───── Data to examine

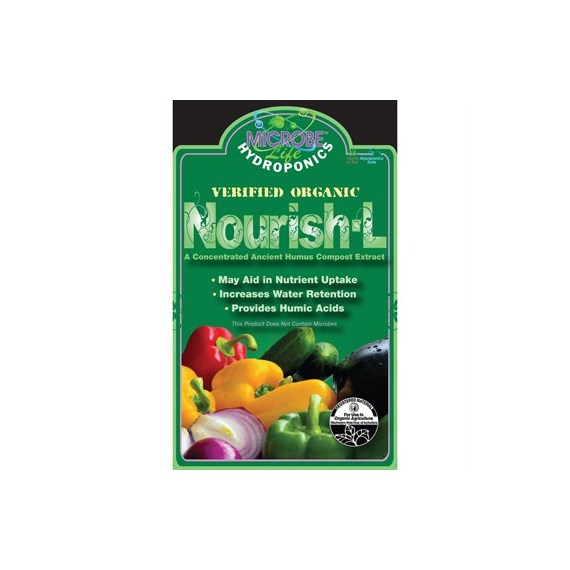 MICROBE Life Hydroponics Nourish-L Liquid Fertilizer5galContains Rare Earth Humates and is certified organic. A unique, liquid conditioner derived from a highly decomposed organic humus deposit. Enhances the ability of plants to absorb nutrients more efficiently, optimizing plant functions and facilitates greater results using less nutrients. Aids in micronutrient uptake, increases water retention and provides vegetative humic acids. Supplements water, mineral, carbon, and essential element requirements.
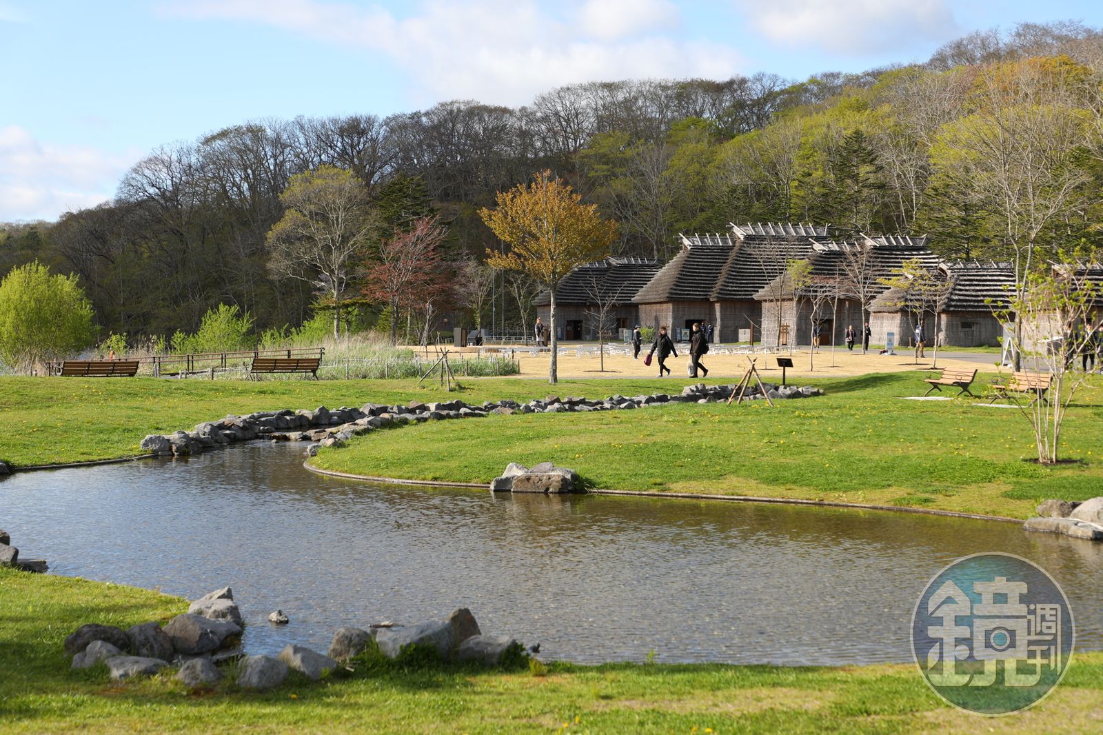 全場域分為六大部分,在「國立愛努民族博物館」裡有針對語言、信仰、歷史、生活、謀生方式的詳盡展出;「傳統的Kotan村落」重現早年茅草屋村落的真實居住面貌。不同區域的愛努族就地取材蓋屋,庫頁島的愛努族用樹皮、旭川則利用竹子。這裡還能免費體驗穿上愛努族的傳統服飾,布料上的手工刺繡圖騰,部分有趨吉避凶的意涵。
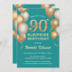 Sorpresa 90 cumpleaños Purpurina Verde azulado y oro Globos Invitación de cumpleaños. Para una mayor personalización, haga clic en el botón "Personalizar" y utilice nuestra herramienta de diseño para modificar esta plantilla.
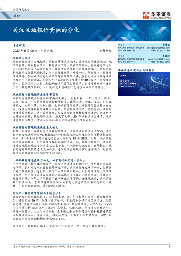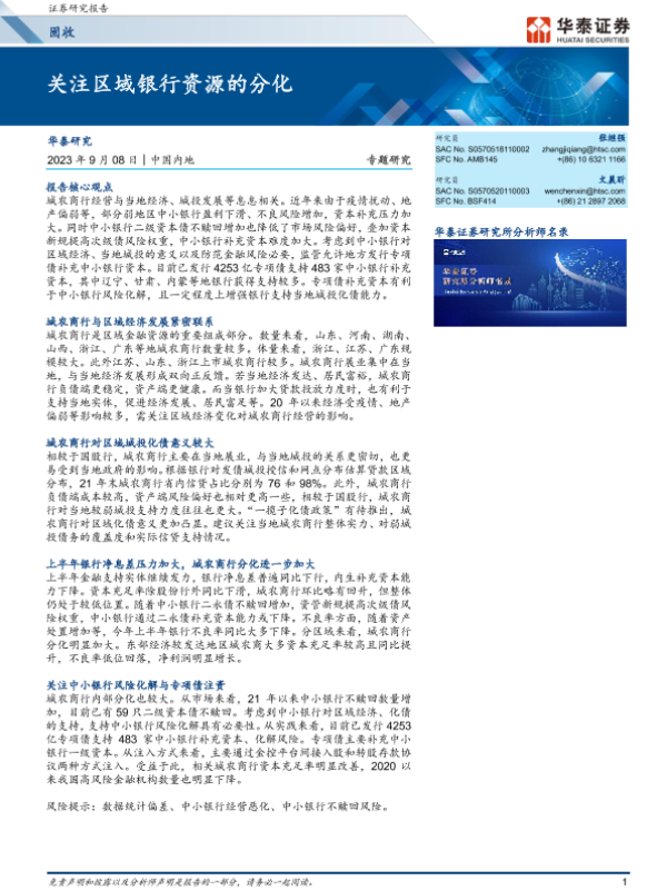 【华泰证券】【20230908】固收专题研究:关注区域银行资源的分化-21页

──────────
───── Data to examine

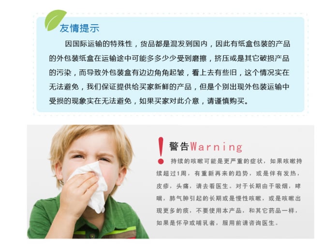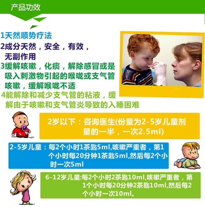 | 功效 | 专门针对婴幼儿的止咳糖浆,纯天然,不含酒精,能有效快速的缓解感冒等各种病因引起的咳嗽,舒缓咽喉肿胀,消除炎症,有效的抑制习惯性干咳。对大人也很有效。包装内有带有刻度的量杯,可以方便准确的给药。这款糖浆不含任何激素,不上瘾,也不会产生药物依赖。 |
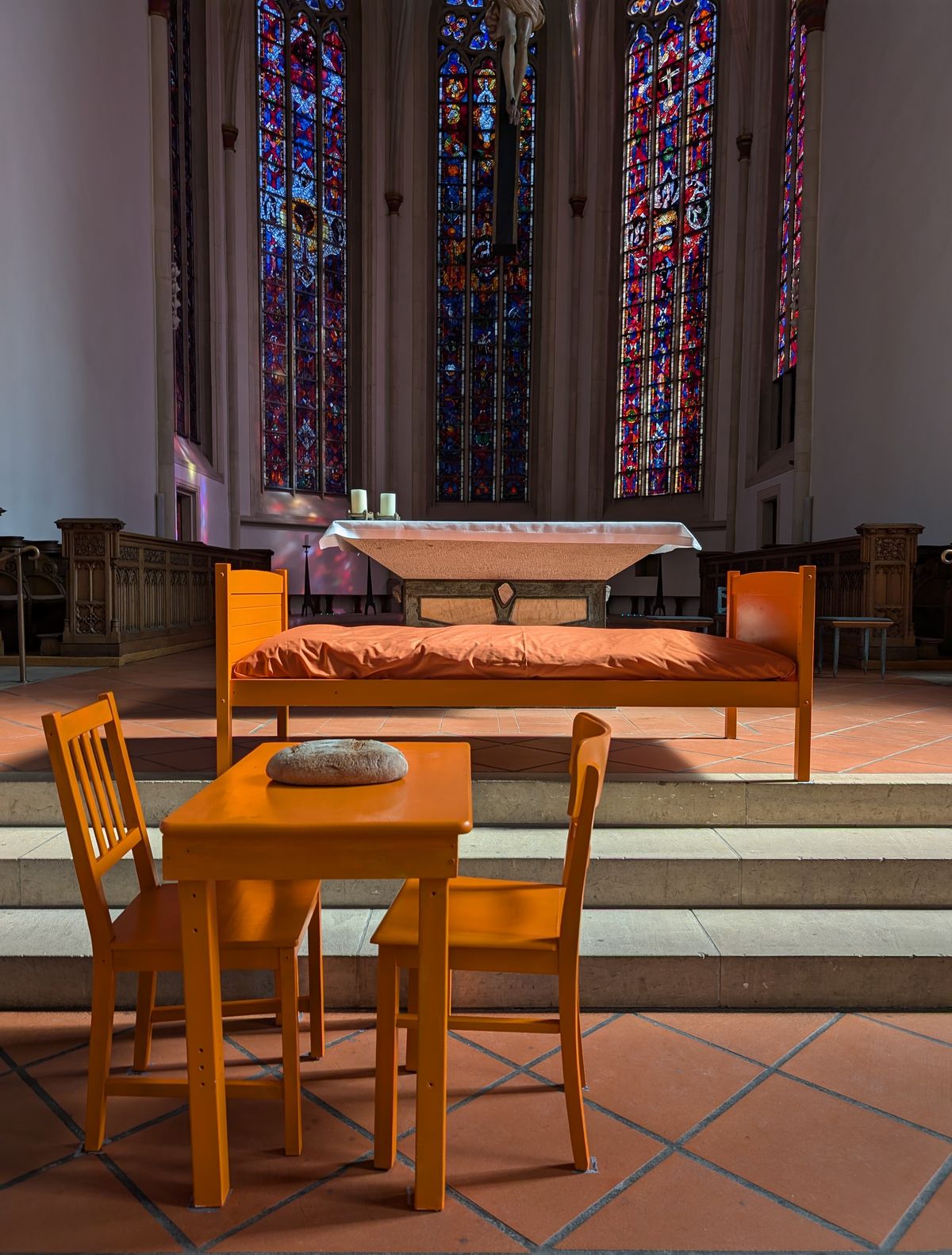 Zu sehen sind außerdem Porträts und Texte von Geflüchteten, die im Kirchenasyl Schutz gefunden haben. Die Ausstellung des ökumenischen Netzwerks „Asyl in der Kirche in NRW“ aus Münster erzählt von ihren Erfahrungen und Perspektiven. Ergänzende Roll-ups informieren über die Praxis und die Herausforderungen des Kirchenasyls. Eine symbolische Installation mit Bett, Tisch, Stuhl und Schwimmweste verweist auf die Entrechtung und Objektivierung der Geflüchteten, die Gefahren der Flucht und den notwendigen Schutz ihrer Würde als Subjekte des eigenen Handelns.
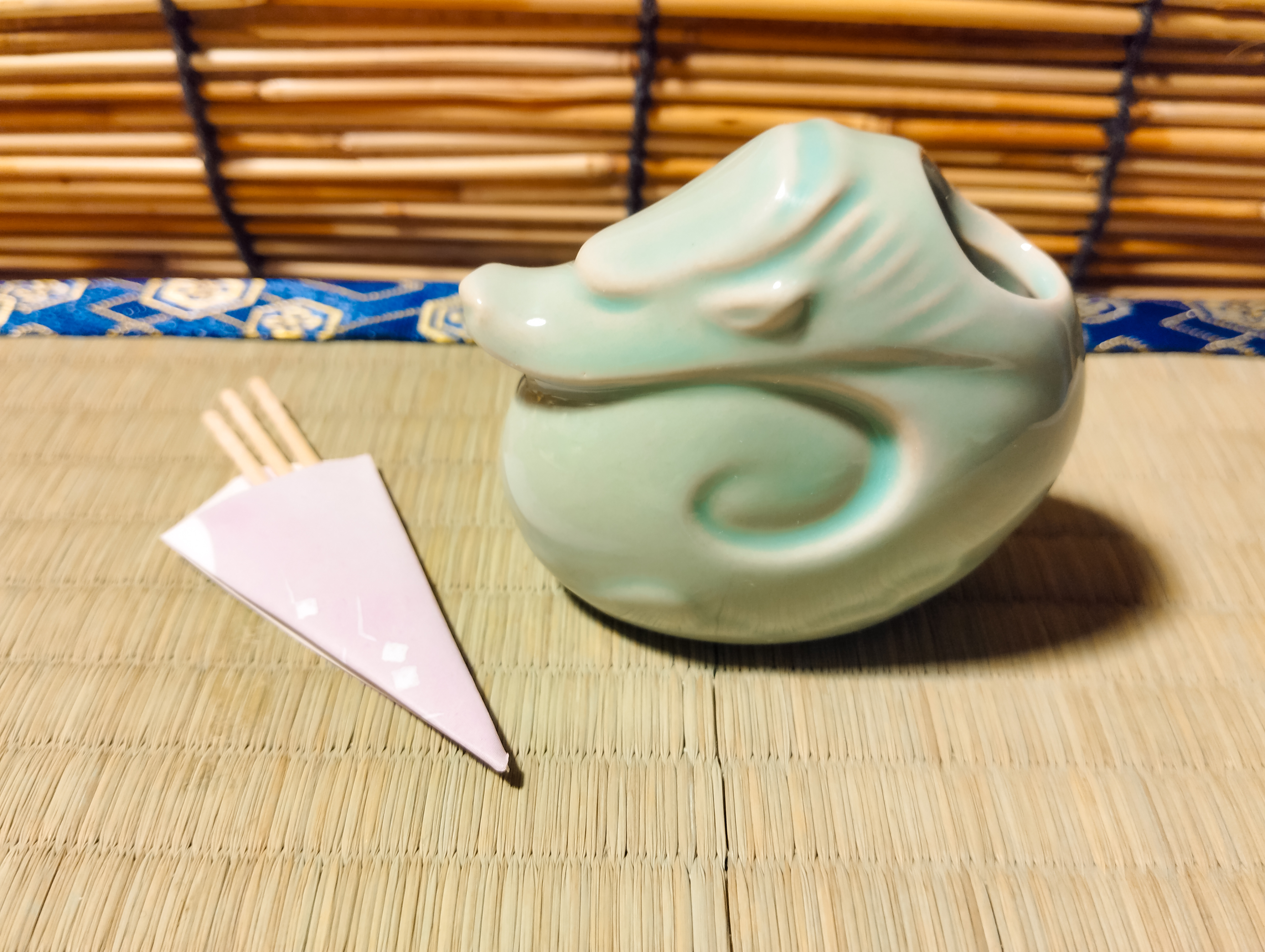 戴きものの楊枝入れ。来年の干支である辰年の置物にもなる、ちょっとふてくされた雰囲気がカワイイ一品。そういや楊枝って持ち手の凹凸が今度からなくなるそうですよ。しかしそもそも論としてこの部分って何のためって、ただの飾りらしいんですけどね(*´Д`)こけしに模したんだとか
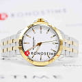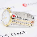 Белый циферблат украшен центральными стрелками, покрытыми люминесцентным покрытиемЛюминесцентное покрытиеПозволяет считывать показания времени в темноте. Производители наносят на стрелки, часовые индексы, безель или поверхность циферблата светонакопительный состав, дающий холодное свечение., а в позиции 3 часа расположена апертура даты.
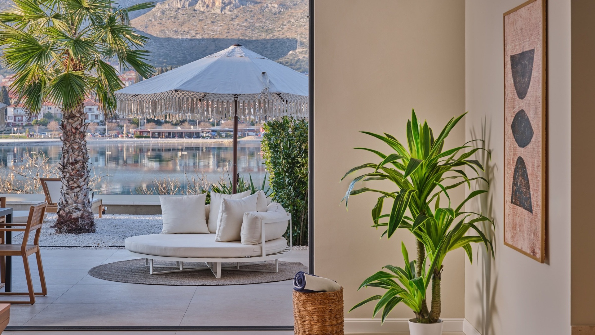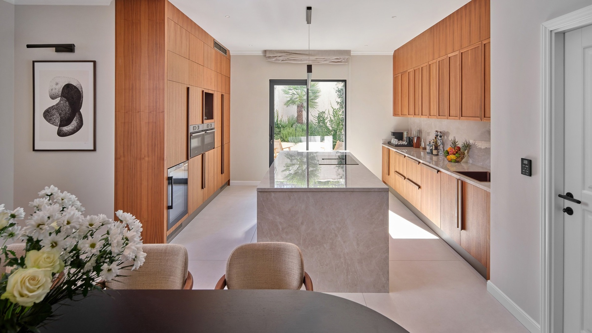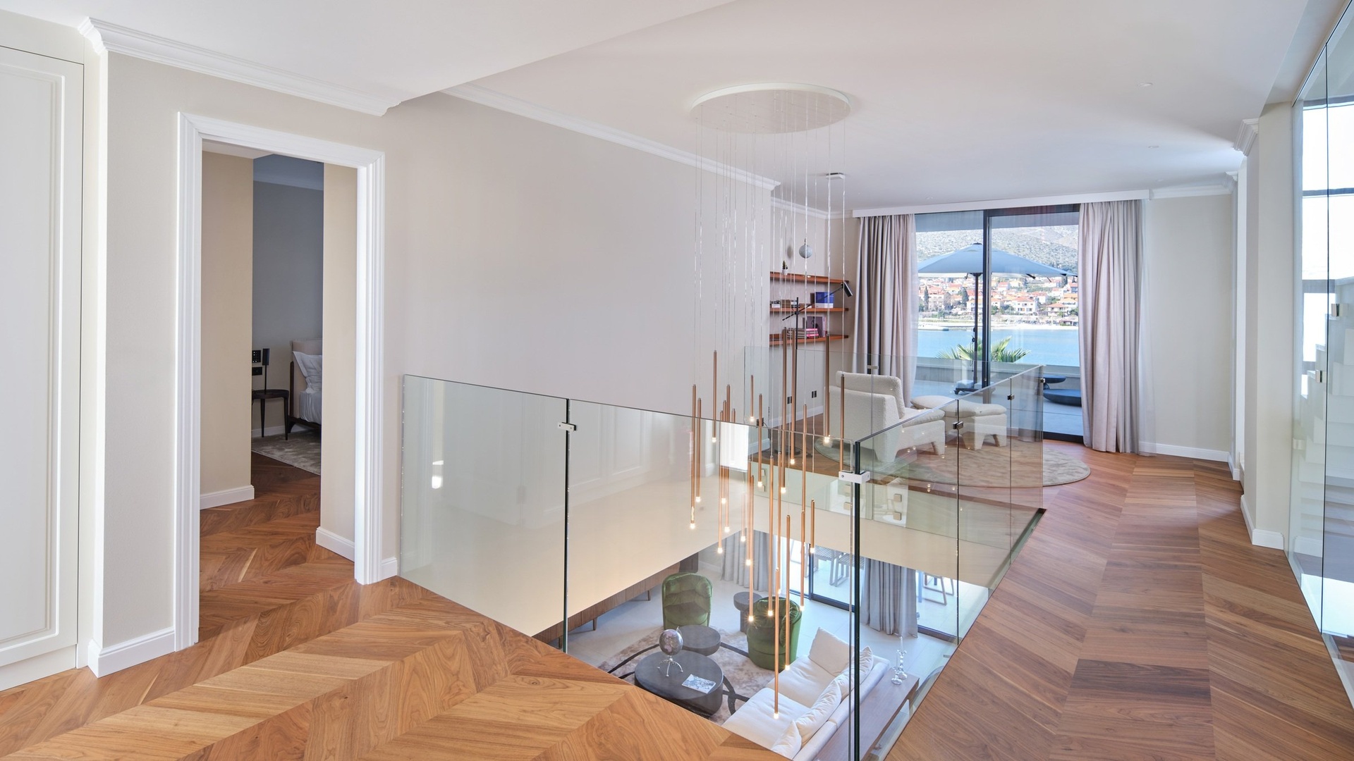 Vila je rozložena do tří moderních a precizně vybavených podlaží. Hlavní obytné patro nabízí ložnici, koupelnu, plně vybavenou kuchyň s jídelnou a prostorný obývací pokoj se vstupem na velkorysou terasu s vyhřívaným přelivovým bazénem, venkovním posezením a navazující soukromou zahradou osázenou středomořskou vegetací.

──────────

Assignment
What you write must match the listing exactly, from the line with "Zu sehen sind" up to and including the line with "Vila je rozložena". Pictures stay out.

Output for this task
 Zu sehen sind außerdem Porträts und Texte von Geflüchteten, die im Kirchenasyl Schutz gefunden haben. Die Ausstellung des ökumenischen Netzwerks „Asyl in der Kirche in NRW“ aus Münster erzählt von ihren Erfahrungen und Perspektiven. Ergänzende Roll-ups informieren über die Praxis und die Herausforderungen des Kirchenasyls. Eine symbolische Installation mit Bett, Tisch, Stuhl und Schwimmweste verweist auf die Entrechtung und Objektivierung der Geflüchteten, die Gefahren der Flucht und den notwendigen Schutz ihrer Würde als Subjekte des eigenen Handelns.
 戴きものの楊枝入れ。来年の干支である辰年の置物にもなる、ちょっとふてくされた雰囲気がカワイイ一品。そういや楊枝って持ち手の凹凸が今度からなくなるそうですよ。しかしそもそも論としてこの部分って何のためって、ただの飾りらしいんですけどね(*´Д`)こけしに模したんだとか
 Белый циферблат украшен центральными стрелками, покрытыми люминесцентным покрытиемЛюминесцентное покрытиеПозволяет считывать показания времени в темноте. Производители наносят на стрелки, часовые индексы, безель или поверхность циферблата светонакопительный состав, дающий холодное свечение., а в позиции 3 часа расположена апертура даты.
 Vila je rozložena do tří moderních a precizně vybavených podlaží. Hlavní obytné patro nabízí ložnici, koupelnu, plně vybavenou kuchyň s jídelnou a prostorný obývací pokoj se vstupem na velkorysou terasu s vyhřívaným přelivovým bazénem, venkovním posezením a navazující soukromou zahradou osázenou středomořskou vegetací.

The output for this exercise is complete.